Non voglio elencare, qui, le qualità delle donne (non è necessario), né fare della retorica. È giusto, però, riconoscere e valorizzare alcuni tratti particolari e distintivi che spesso gli uomini non hanno e che molte volte si danno per scontati: la disponibilità, la solidarietà, la sensibilità, l’intuito e la decisione. Siamo tutti abituati al fatto che le donne lavorino 24 ore al giorno per 7 giorni: hanno la gestione della casa, il lavoro, i figli, la cura degli anziani e, quando arrivano alla pensione, c’è ancora la casa mentre sopraggiungono i nipoti. Non dobbiamo, poi, dimenticare che molte donne hanno rinunciato a legittime aspirazioni di carriera per la famiglia (e non per mancanza di capacità), anche se tutto sembra rientrare nella normalità. 
 
Siamo tutti d’accordo nell’affermare che le donne non devono essere discriminate e vanno rispettate, ma poi, ogni giorno, ci sono spiacevoli episodi che evidenziano il contrario.  

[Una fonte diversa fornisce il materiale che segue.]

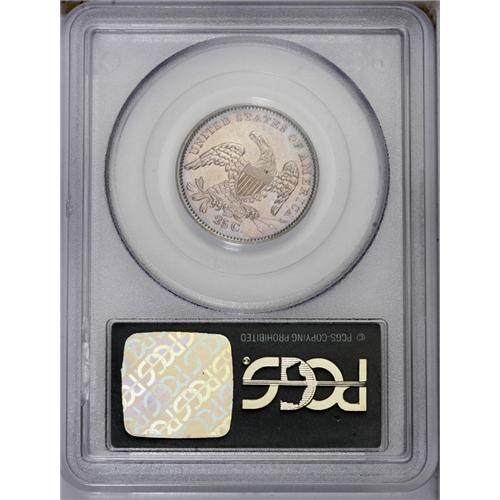 <B>1834<25C> AU53 PCGS.</B></I> B-2, R.4. The scarcer "tongued eagle" variety, also attributed by star 7 being recut. Much luster remains and both sides are lightly framed in blue and violet toning.
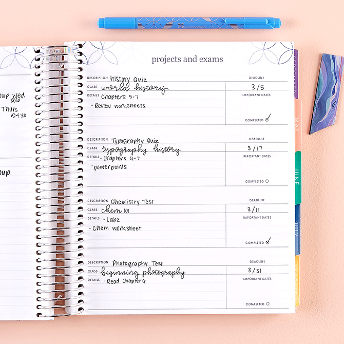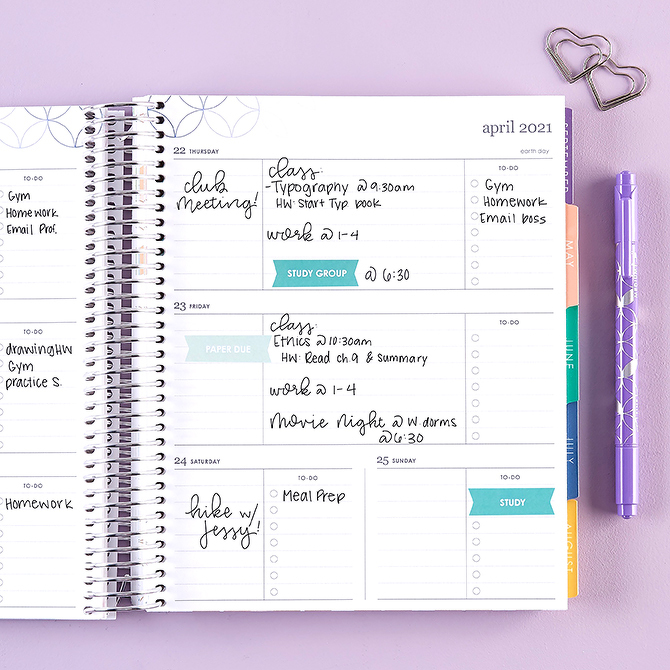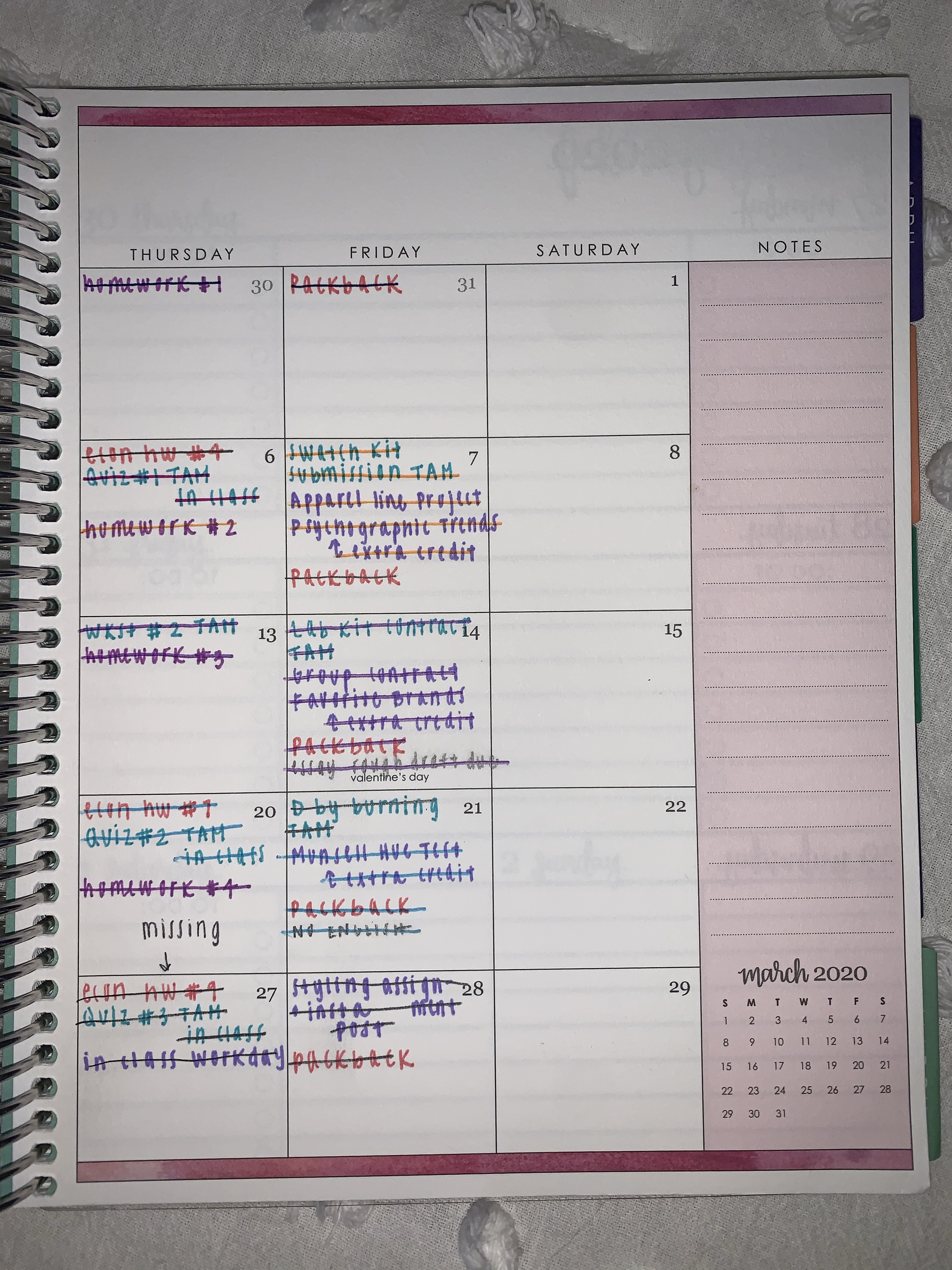 Always cross off your completed assignments so you know what you have left for the week (& because it makes you feel accomplished).

È solo un lento e costante processo di evoluzione culturale e delle abitudini quotidiane che forse consentirà alle “signore” di vivere una reale condizione di parità con i “signori”. Nel frattempo, anche i piccoli gesti possono aiutare: assumersi incombenze tradizionalmente assegnate alle donne può servire, e sicuramente alcuni uomini già lo fanno, ma dovrebbe diventare una pratica diffusa e non un episodio occasionale. Insomma, quando l’uomo cucina è un’esibizione da chef che deve attirare attenzioni e lodi, mentre le nostre compagne lo fanno tutti i giorni, e forse meglio di noi! 
 
Queste poche righe vogliono esprimere l’affetto per tutte le donne della mia famiglia (…allargata) e le donne tutte. Desidero augurare loro che non si aspetti più solo l’8 marzo per celebrarle, ma che, ogni giorno, nei loro confronti ci sia un segno di apprezzamento e di considerazione.